Oberst Marie-Georges Picquart (1854-1914) entstammte einer streng katholisch orientierten Familie aus Strasbourg. Er selbst hat schon als junger Erwachsener die Bindung an die Kirche aufgegeben. Als Oberst sagt er – im Film von Roman Polansky- zu dem bedrängten Hauptmann Dreyfus sinngemäß: „Ich bin zwar kein Freund der Juden. Aber ich will, dass man sie gerecht behandelt“. Eine zwiespältige Haltung gewiss, aber immerhin konnte er in dieser Einstellung die große Intrige aufdecken. Und Dreyfus -spät zwar – aber „immerhin“ retten und rehabilitieren.
Aber Respekt und Anerkennung sind die menschlichen Haltungen, die den Antisemitismus einschränken und hoffentlich überwinden.

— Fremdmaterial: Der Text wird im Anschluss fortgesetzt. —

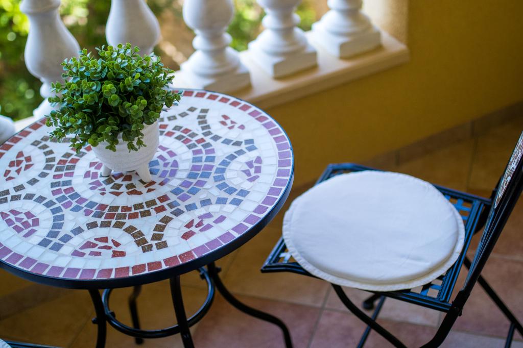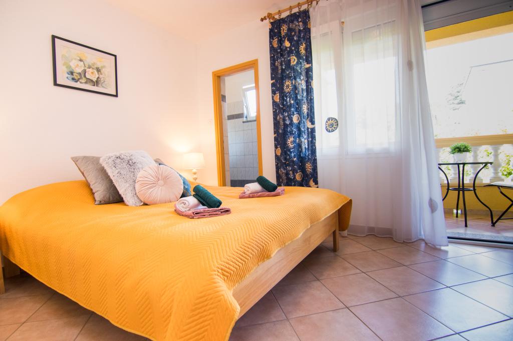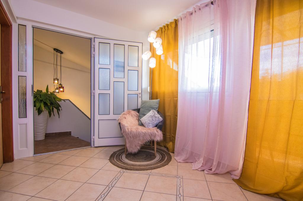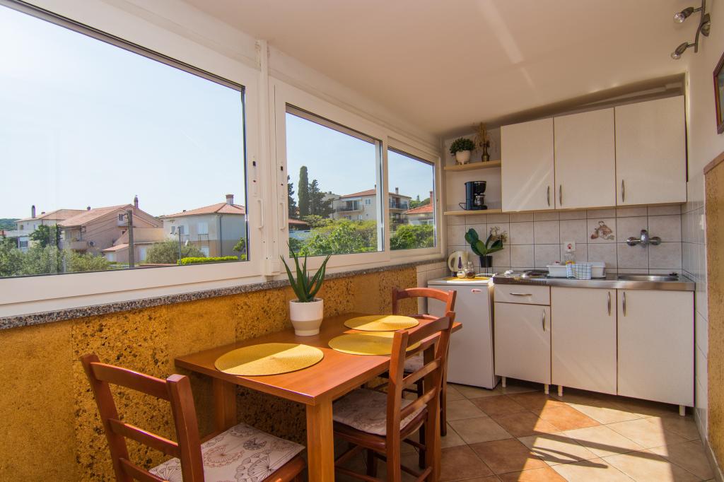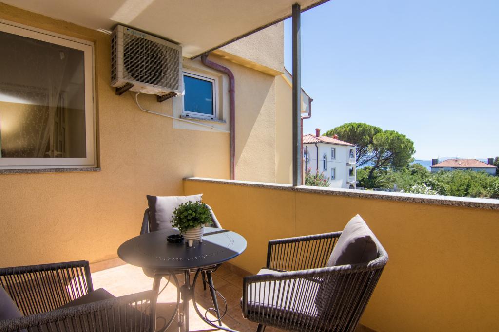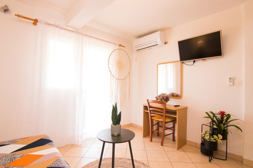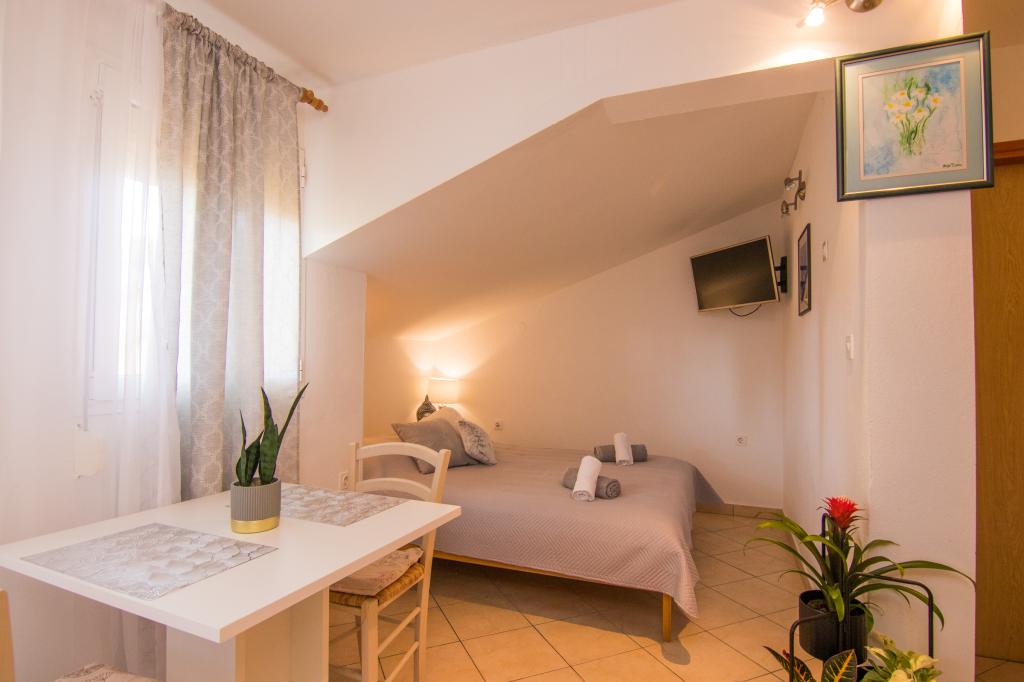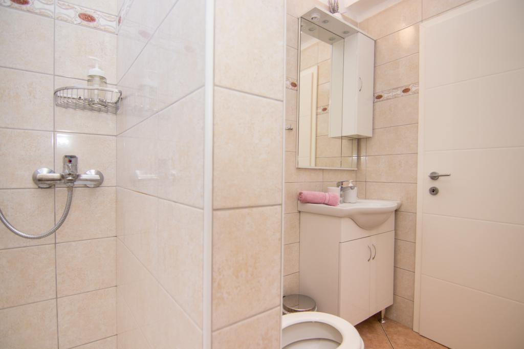 Huset ligger i centrum af byen, kun 90 m fra havet og en smuk promenade med talrige restauranter, caféer og andre faciliteter. Gæsterne kan finde butikker, en bank, et posthus, et apotek og lignende i nærheden af huset. Husets gård er rummelig, hvor der er plads nok til at parkere gæsternes biler. Det er omgivet af middelhavsplanter og blomster. Gæsterne kan også benytte den fælles grill, der ligger bag huset. Alle lejligheder har terrasse eller altan, og nogle lejligheder har endda to terrasser eller to altaner. Kvarteret er roligt og sikkert. Fra nogle lejligheder kan du se havet. Hver enhed har aircondition, satellit-tv, internet og en filterkaffemaskine.

Auch die große Bedeutung, die der Schriftsteller Emile Zola für die Rehabilitieung von Dreyfus spielt, angesprochen, vielleich zu kurz. „J´ accuse“ ist der Titel seines leidenschaftlichen Protestes gegen das Urteil in der Tageszeitung „L Aurore“ (am 13. Januar 1898). Zola wird verurteilt, er kann nach England fliehen.
Erst am 12. Juli 1906 wird Alfred Dreyfus offiziell rehabilitiert, er wird zum „Ritter der Ehrenlegion“ ernannt und als Major wieder in das Heer aufgenommen. Und Picquart wird 1906 von Ministerpräsident Clemenceau zum Kriegsminister ernannt…

7. PS.: Die katholische Tageszeitung „La Croix“ lobt ausdrücklich den Film von Roman Polanski „J accuse“ („Intrige“) in ihrer Ausgabe vom 12.11.2019. Die Zeitung La Croix hat heute eine Auflage von 95.000 Exemplaren. Die Tageszeitung Libération: 92.000, die Tageszeitung Le Monde 316.000.